The rambling speech, which at times took oddly specific tangents, pressed forward with Sefcik wondering where the convoy of truckers—supposedly aiming to disrupt the Beltway area in protest of vaccine mandates, among other MAGA causes—actually were.
“Where are the trucks?! Where are the trucks?!” Sefcik yelled at one point. “I know the ones that I had planned coming… they’re not even allowed in because they need a commercial license and have proof of a checkoff today because of the checkpoints, so they weren’t even able to stage and make it look cool here.”
“But I still showed up, even if none of you did,” he continued. “I’d still be right here because I keep my word.”
Near the end of his speech to a row of television cameras, Sefcik admitted he had “lost money” on the day’s activities.
The “Stage of Freedom” flop came after right-wing media stars had spent days hyping and praising the rally.
“Listen, this is how it’s done,” Fox News host Dan Bongino said last week. “They are making it clear from the start what their goals are, they are making everything transparent, so there is no guesswork… This, ladies and gentlemen, is how it’s done!”

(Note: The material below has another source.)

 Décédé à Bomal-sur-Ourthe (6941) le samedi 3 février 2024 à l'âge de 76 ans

Other oddities at the sparsely attended event included speakers who only went by their first names, including “Pastor Clark” and “Pastor Sermon,” and incomprehensible speeches full of tortured metaphors about cows, fences and about the need to understand God.

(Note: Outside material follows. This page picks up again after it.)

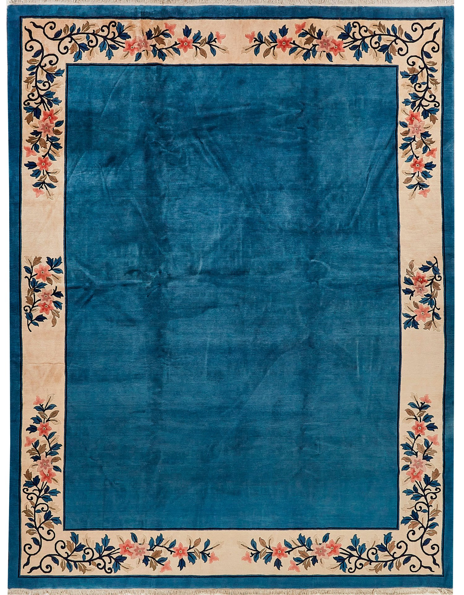 China. Wolle auf Baumwolle. Monochromes, hellblaues Innenfeld. Umlaufend cremefarbene Rahmung mit großen, üppig angelegten Blütenzweigen. 307 cm x 297 cm.

While speaking with The Daily Beast as a small group of guitar players replaced him on stage, Sefick acknowledged his poor showing.
“Bro, there are at least 11 [people], dude. Come on, man,” Sefcik joked about the rally, which wrapped up hours ahead of its planned 8 p.m. conclusion, before claiming that it “wasn’t about” turnout, actually.
“Just because the amount of people don’t show up,” he said, “it’s not about that, we are going to stick to what we are doing.”